Contract formed through exchange of emails
PROTON ENERGY v ORLEN [2013]
This case does not make new law but it is a reminder that contracts can be formed in ways other than the execution of a formal written contract. The Court considered whether a binding contract had been concluded between the parties, based on a review of their negotiations which was largely through an exchange of emails. It found that there was a binding agreement as, even though not all of the terms had been finalised, the parties had agreed on all of the essential terms.
Facts:
- Proton Energy (P) sent an email to Orlen (O) making a “firm offer” to sell O a certain quantity of crude oil, specifying the price, delivery period and the ports of delivery.
- Emails were exchanged later the same day and P agreed three out of four changes proposed by O and stated in relation to the fourth, “Contractual price is fixed as per the confirmed offer. All other contractual terms not indicated into the offer shall be discussed and mutually agreed between the parties on contractual negotiations”.
- O replied by return email saying, “confirmed”.
- P contracted at once to purchase the necessary oil from its supplier.
- A draft contract and comments on its terms were then exchanged but two weeks later, the parties fell out. O had failed to open the required letter of credit or to take delivery of the cargo, which P treated as repudiatory breaches of contract.
- The issue for the Court was whether the parties had entered into a binding agreement or was it simply an agreement to agree with uncertain terms and hence unenforceable?
Decision:
- The Court held that a contract had been formed as it viewed the parties as having agreed on all the terms that they objectively regarded as essential to form a binding agreement when they exchanged the initial emails.
- The reasoning behind the Court’s decision can be summarised as follows:
- ‘Firm offer’: The language used in the exchanges was one of commitment. The offer was expressly stated to be a "firm offer". The language requested a binding commitment – a definite acceptance or rejection – in reply. O gave a definite “confirmed” acceptance.

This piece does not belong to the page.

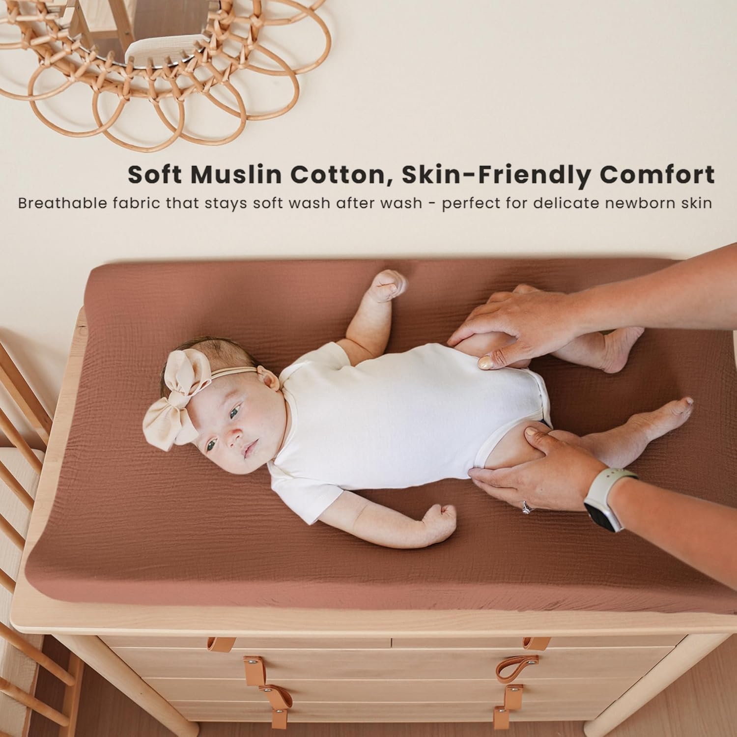 Snug Fit: This muslin changing pad cover is designed with fully encased 360-degree elastic, ensuring a snug and secure fit around the changing pad. This prevents the changing pad cover from slipping or moving around during diaper changes, providing a stable surface for your baby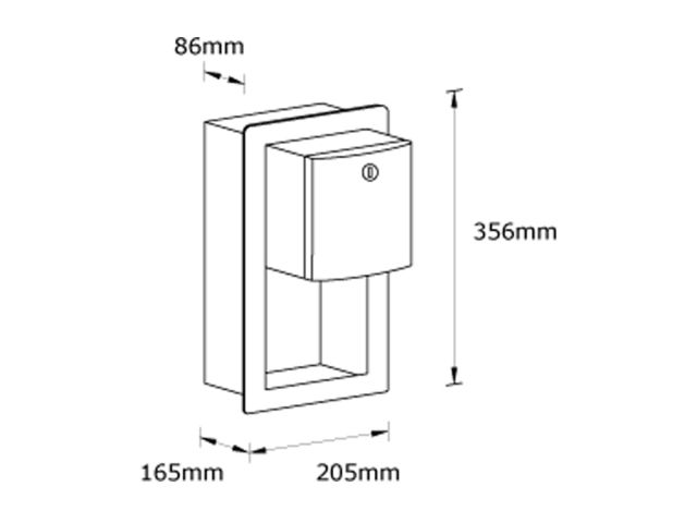 Wymaga przygotowania odpowiedniego otworu montażowego: Montaż pojemnika wymaga przygotowania odpowiedniego otworu w ścianie o wymiarach (wysokość/szerokość/głębokość) 311 x 159 x 86 mm.

- Industry practice: The deal was described as a, “classic deal where the speed of the market requires that the parties agree the main terms and leave the details, some of which may be important, to be discussed and agreed later”. The judge recognised that business practice means parties will not always conduct all aspects of their dealings to fit the conventions of English contract law.
- Urgency: P made the urgent nature of the deal very clear. The offer was intended to expire at close of business on the same day and demanded an immediate, binding commitment from both parties.
- Subsequent conduct: Once accepted, fulfilling the order would be required immediately afterwards. P had contracted with its own supplier extremely quickly and O had taken steps to facilitate delivery of the oil.
Points to note:
- This case followed the decision in RTS v Müller [2010], which confirmed that a contract may come into existence, even if certain terms have not been finalised, if an objective appraisal of the parties' words and conduct leads to a conclusion that they did not intend agreement of such terms to be a precondition to a concluded and legally binding agreement.
- A similar outcome was also reached in Newbury v Sun Microsystems [2013]. In that case, the Court held that a letter from S to N setting out the terms of a proposed settlement and a subsequent letter of acceptance from N in accordance with those terms, constituted a binding agreement. Although S’ letter stipulated that the settlement was to be "recorded in a suitably worded agreement", the Court considered that this was not a reference to terms that were yet to be negotiated and agreed, but simply an indication that the settlement reached would subsequently be "committed to writing as an authentic record". Once N had accepted the terms in the letter, S was therefore not in a position to negotiate further terms which it had attempted to do. If the letter had included the words ‘subject to contract’, it would have been clear that S intended further negotiations to follow before a binding settlement was reached.
- Contracting parties should therefore be careful that during negotiations they are not acting in a way which could be construed as making a contractual commitment to each other before they wish to do so. All that is required is a binding offer outlining essential terms which is accepted in the same terms. Wording such as ‘firm offer’ should be avoided if a party does not intend to be bound by it.
- Using ‘subject to contract’ can help to avoid a binding contract provided it is applied consistently and the parties’ actions do not contradict the intent behind this. If one party does not intend to be bound by any terms received from the other party during any stage of negotiations, it should raise an objection without delay. This was undoubtedly a borderline decision but it does emphasise the possibility of contracts being formed earlier than one might have anticipated.